- Born: 2 November 1863 Port Elizabeth, South Africa
- Died: 5 October 1943 (aged 80) Montreux, Switzerland
- Education: Bedford Modern School
- Known for: Newspaper Publisher

= William Fairbridge =

Rhodesian newspaper publisher and municipal official

William Ernest Fairbridge JP (2 November 1863 – 5 October 1943) was a Rhodesian newspaper publisher and municipal official during the early British occupation of Southern Rhodesia. A man, "whose indomitable pluck in the face of endless discouragements deserves an honourable place in the history of journalistic enterprise," he published Rhodesia's first newspaper, the Mashonaland Herald and Zambesian Times in 1891. He also served as the first Mayor of Salisbury in 1897. He subsequently became a leading publishing executive with the Argus group of newspapers in South Africa.

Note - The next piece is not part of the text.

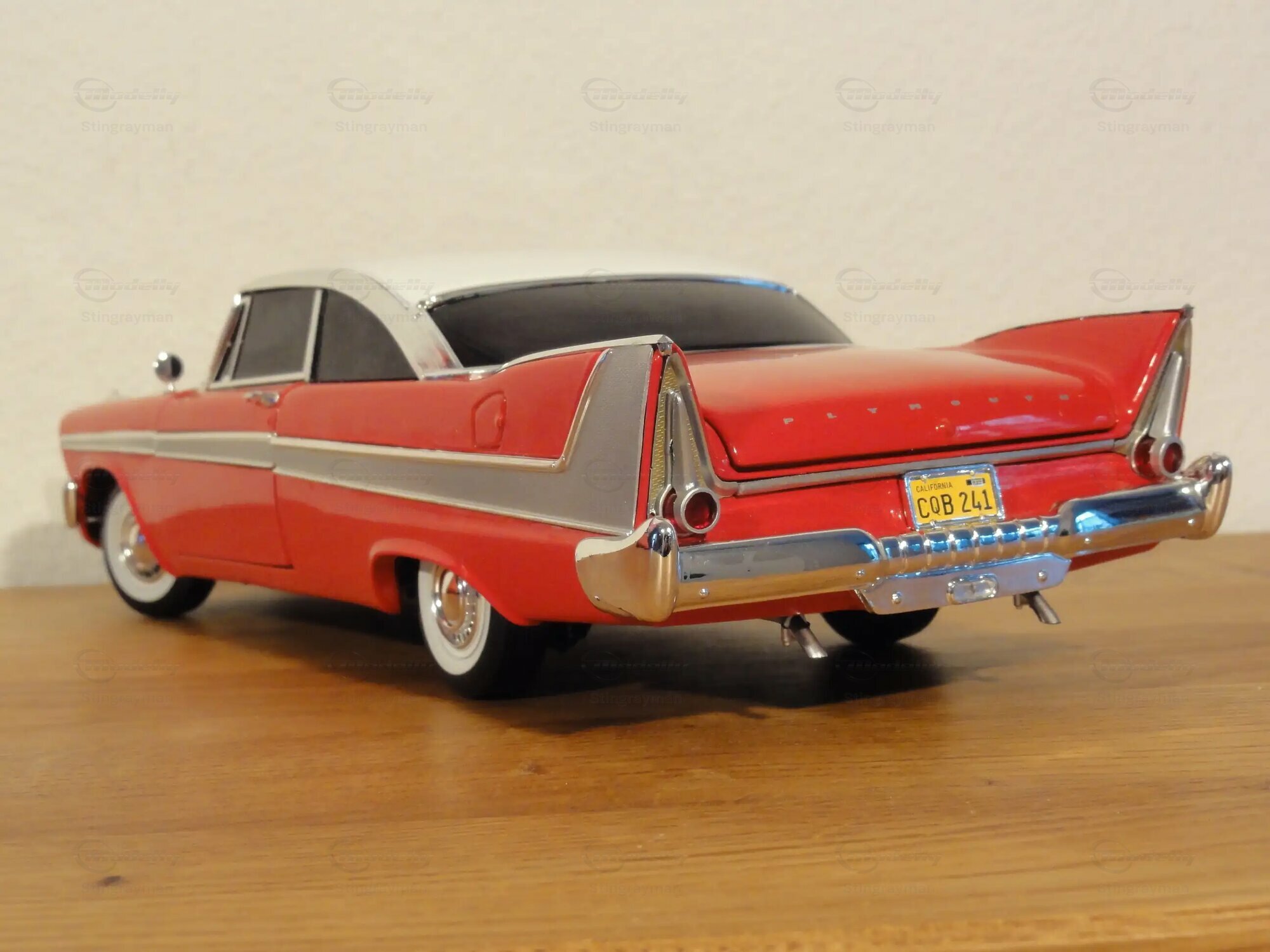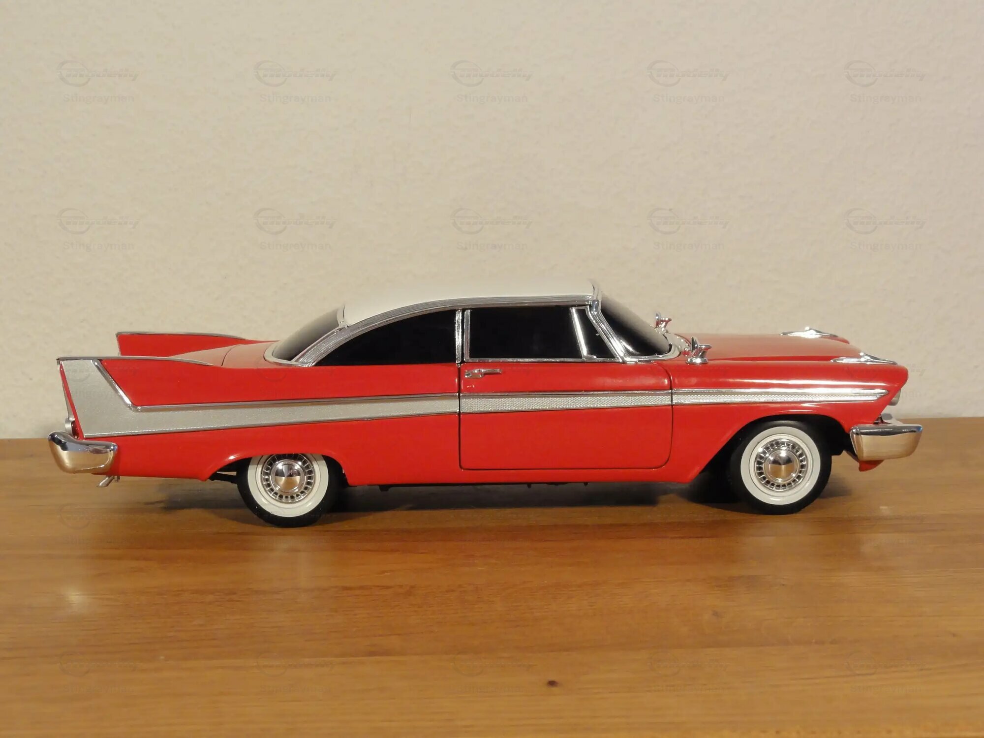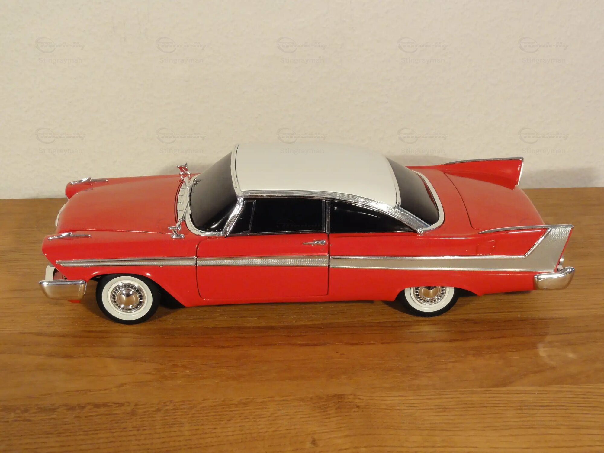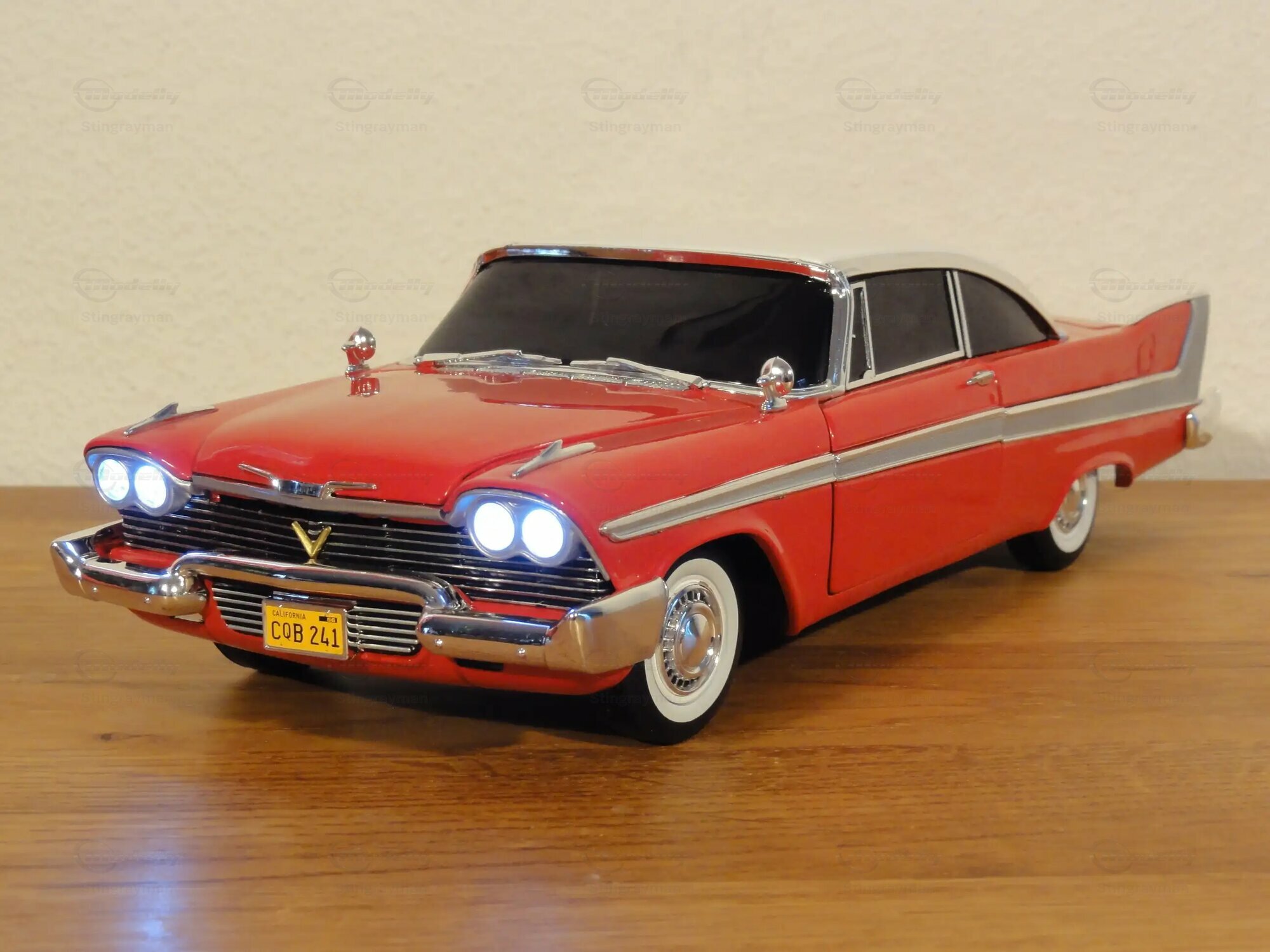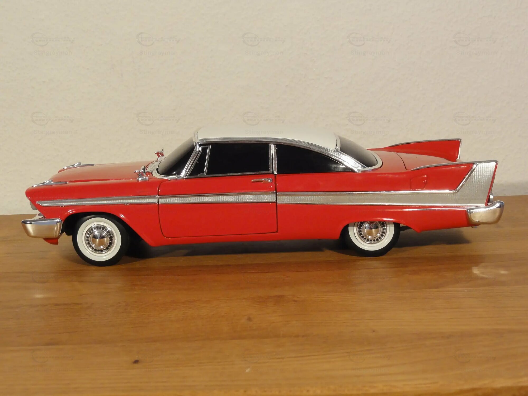 This model is based on the car from the film Christine, adapted from the famous novel by Stephen King. The movie, released in 1983, tells the story of a possessed Plymouth Fury that develops a life of its own, exerting control over its owner, high school student Arnold "Arnie" Cunningham (played by Keith Gordon). The plot showcases how the car manipulates people and even commits murder in a series of eerie events. In key scenes from the film, the car’s creepy self-repair abilities and the chilling, glossy red paint create an ominous atmosphere. The character Arnie Cunningham becomes unhealthily obsessed with Christine, leading to a tragic escalation. Immortalized through the film and the car's haunting presence at the story's core, the Plymouth Fury 1958 has secured a special place in pop culture.

== Early life and career ==
William Ernest Fairbridge was the son of William Alexander Fairbridge of Port Elizabeth. He was born on 2 November 1863 and was educated at Bedford Modern School in England. In 1890 he was appointed by the Argus Group of newspapers as the company's representative in Rhodesia and duly set out on a six-month journey on a scotch cart drawn by oxen from Mafeking to Fort Salisbury.

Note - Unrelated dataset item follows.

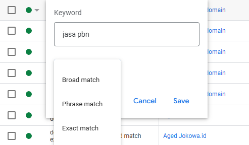2. Gunakan Jenis Kecocokan Kata Kunci yang Tepat
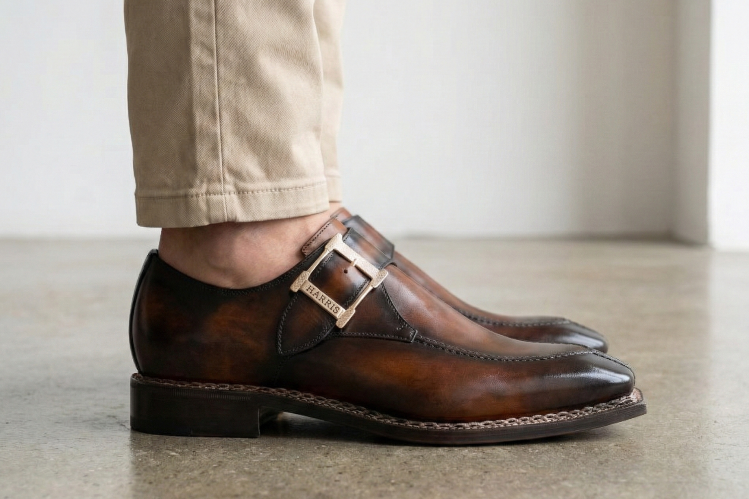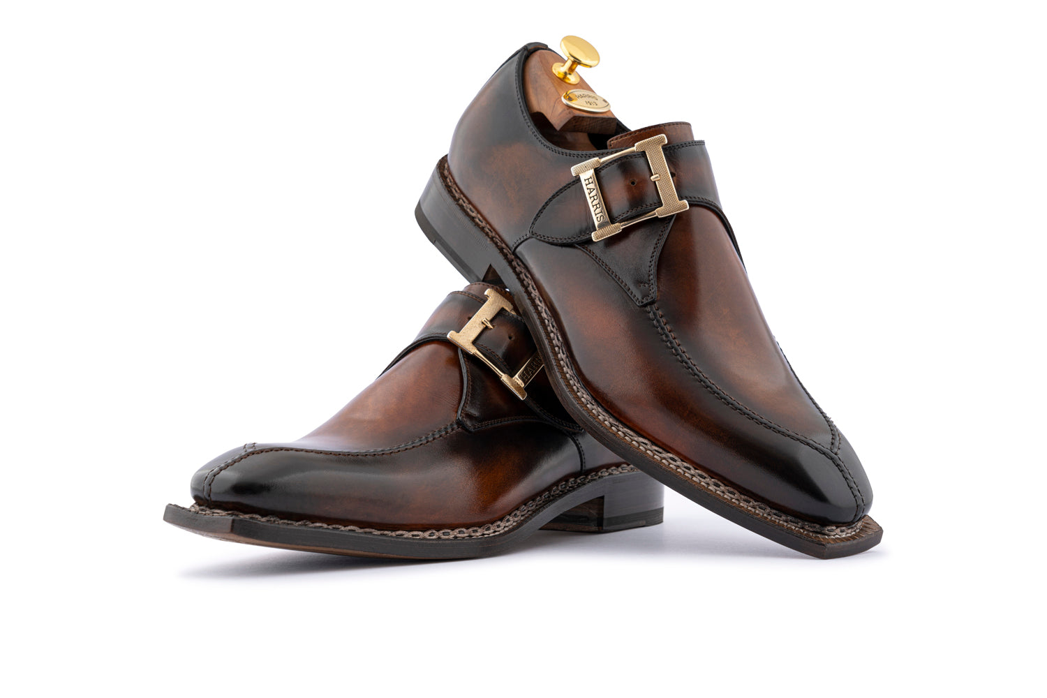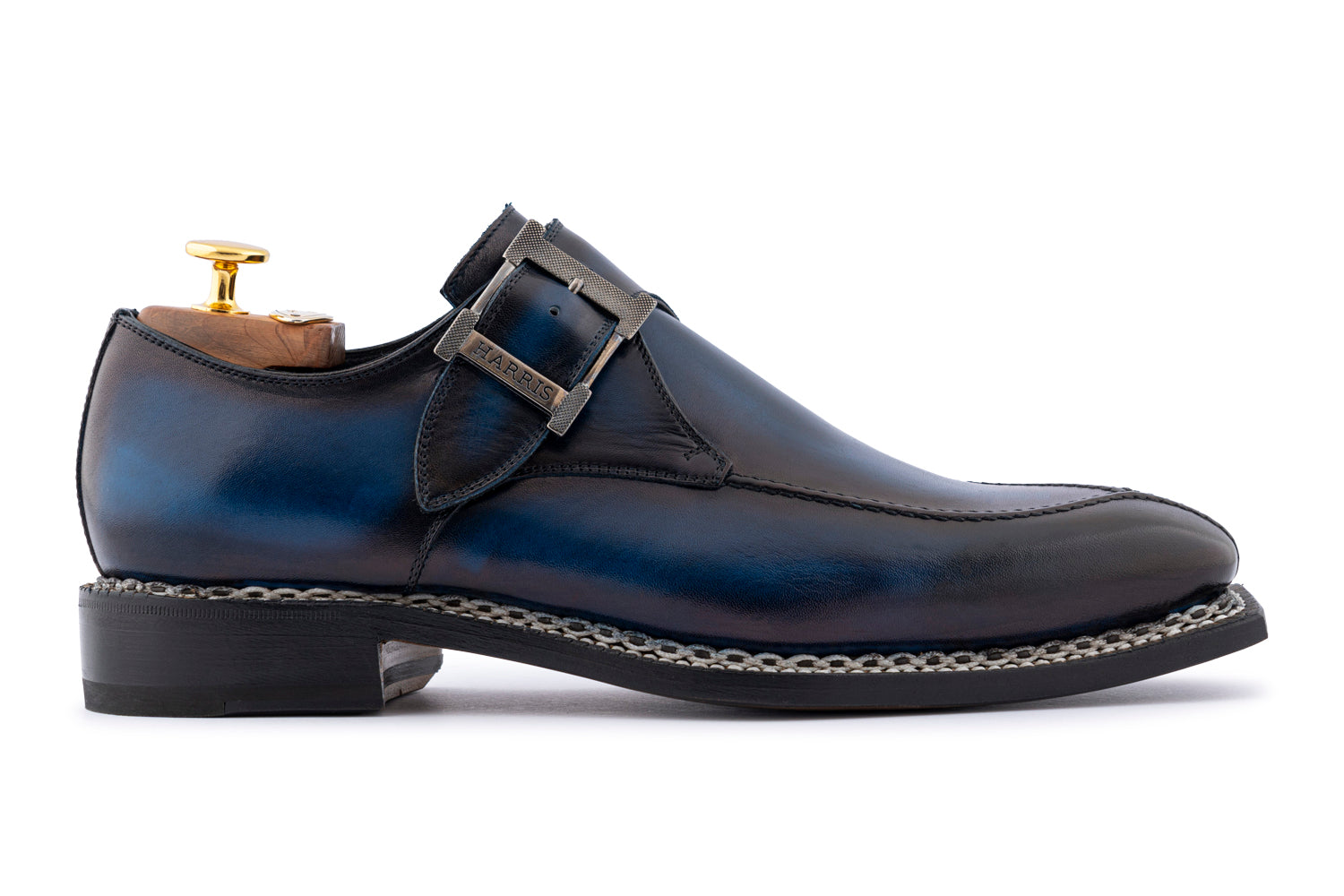 The essence of Harris Shoes is expressed in this full-grain calfskin shoe. The Norwegian workmanship, visible in the typical braided stitching, gives strength and a distinctive character. Each pair is hand painted in dark shades for a timeless look.

Undeterred by the absence of even the most rudimentary printing equipment Fairbridge published the first issue of the Mashonaland Herald and Zambesian Times on 27 June 1891. The publication was a hand-written news sheet that was reproduced by a Cyclostyle, or early stenograph, process. Fairbridge had no ink and so had to make it himself. He also had to source paper for each edition as he had brought no supply of his own. He supported the venture by readers' subscriptions which could take the form of a pot of marmalade, a box of candles or an old spade.

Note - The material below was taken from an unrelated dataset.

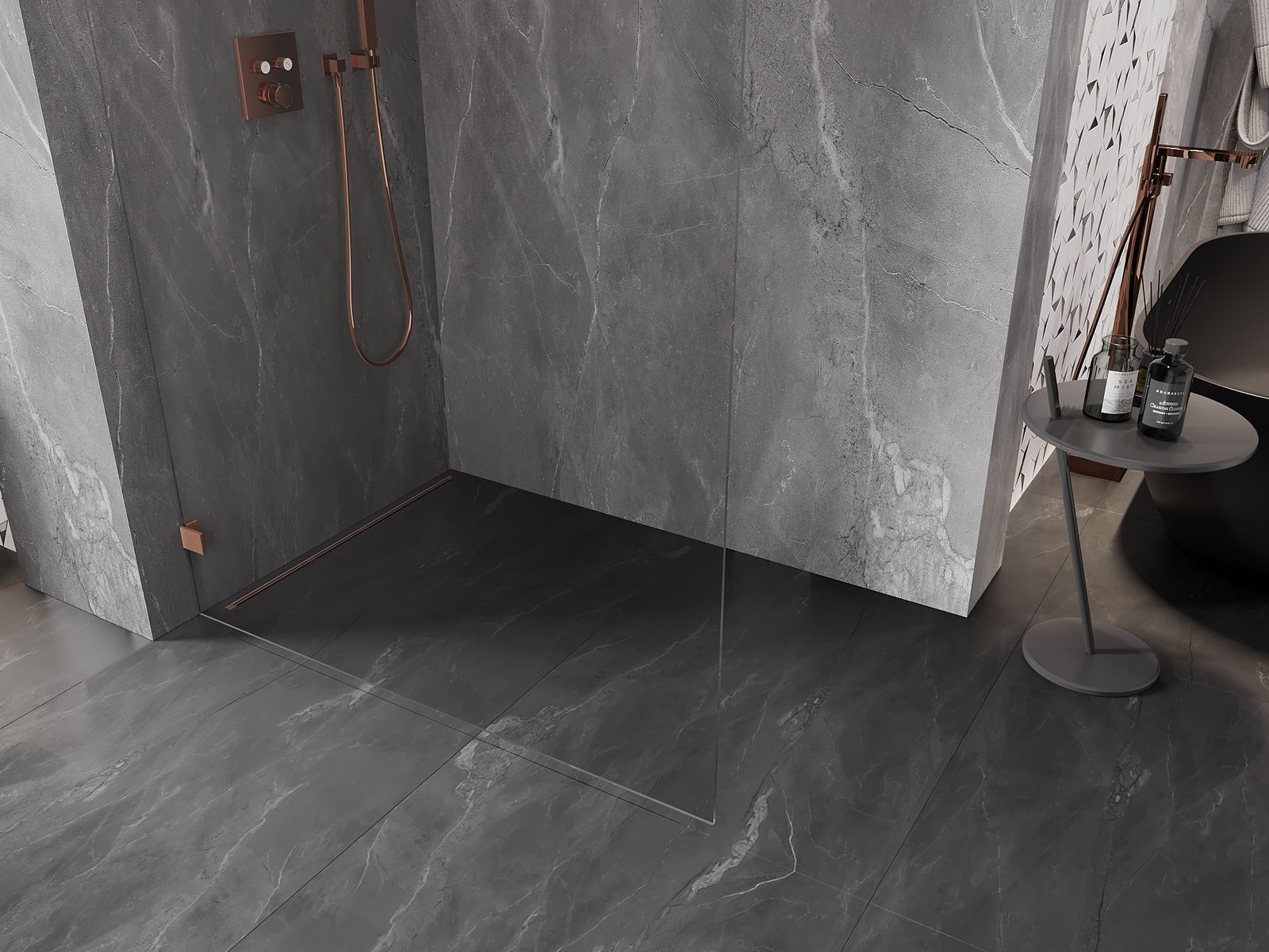 Mexen Lunar Shower Wall Walk-in Left 130 x 200 cm, Transparent 8 mm, Brushed Copper - 830-130-000-65-00-L
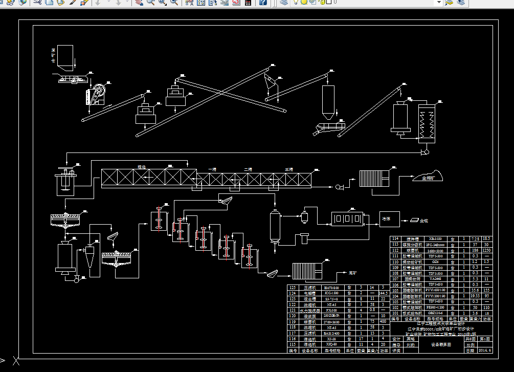 本设计完成了辽宁阜新金矿2000t/d选矿厂初步设计。矿石中的金主要以粒间金和包裹金为主。白铁矿和黄铁矿是金的主要载体。根据矿石可选性研究报告,确定采用三段一闭路破碎,阶段磨矿阶段选别流程。一段磨矿后进入螺旋分级机进行分级,合格粒级进入浮选作业,提前选出粗粒金。浮选作业为一粗三精,最终浮选精矿品位可达到60g/t。粗选尾矿进入二段磨矿,经过水力旋流器分级,溢流进入氰化浸出作业,最后经过解析电解冶炼后成为金锭。本设计还完成了工艺流程计算,设备选型,厂房布置,经济概算等工作。并绘制了设备联系图、厂区总平面图、厂房刨面图。

Although the Mashonaland Herald was inevitably of variable quality, its success demonstrated the demand for a Rhodesian newspaper. Fairbridge re-launched the Mashonaland Herald as the Rhodesia Herald in 1892. This was a printed newspaper, and he followed this by founding the Bulawayo Chronicle in 1894. Both publications remain as the two longest established newspapers in Zimbabwe

== Municipal and political affairs ==
Fairbridge served as a JP for Rhodesia and in 1897-98 served as the first mayor of Salisbury upon it being granted municipal status, and incorporated the family motto of Discrimine Salus in the town's first coat of arms. From his arrival in Rhodesia in 1891 Fairbridge had been politically active. He was not shy of criticising the British administration and had been forced to tone down his views expressed in the Mashonaland Herald. In 1899 he stood in the first Southern Rhodesian Legislative Council election, but, despite having the inevitable editorial support of his own newspapers, he failed in his bid to be elected as a member of the Mashonaland District.

== Later career and life ==
Fairbridge eventually returned to South Africa to become General Manager of the Argus Newspaper Company and managing director of the Cape Argus. He retired to Switzerland and died at Montreux on 5 October 1943.